* What you should do:
The result should be the listing below, restated exactly, with its pictures left out.

* Data block:

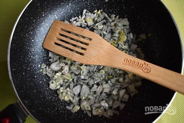 Лук и чеснок очистите и обжарьте на разогретом масле до прозрачности.
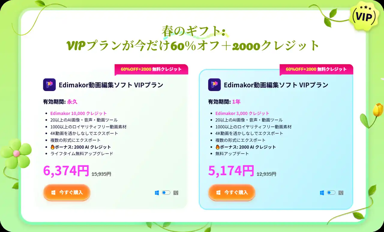 HitPaw Edimakorは2026年3月3日16:00~3月16日16:00までの期間限定「春セール」を開催します。 VIPプラン・AIクレジットは最大65%OFF、さらに最大2,000クレジットの無料特典付き。春の動画・画像制作をよりお得に体験できるチャンスです。 |
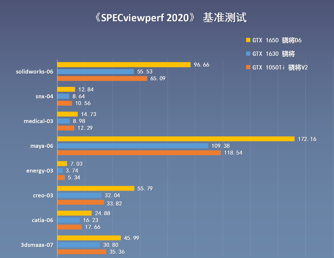 使用SPECviewperf 2020 对这三张显卡进行生产力相关测试,从下图可以得出结论,更大的显存位宽与更高的显存频率在从事生产力方面的创作时,也更具有优势;

* Output of the exercise:
 Лук и чеснок очистите и обжарьте на разогретом масле до прозрачности.
 HitPaw Edimakorは2026年3月3日16:00~3月16日16:00までの期間限定「春セール」を開催します。 VIPプラン・AIクレジットは最大65%OFF、さらに最大2,000クレジットの無料特典付き。春の動画・画像制作をよりお得に体験できるチャンスです。 |
 使用SPECviewperf 2020 对这三张显卡进行生产力相关测试,从下图可以得出结论,更大的显存位宽与更高的显存频率在从事生产力方面的创作时,也更具有优势;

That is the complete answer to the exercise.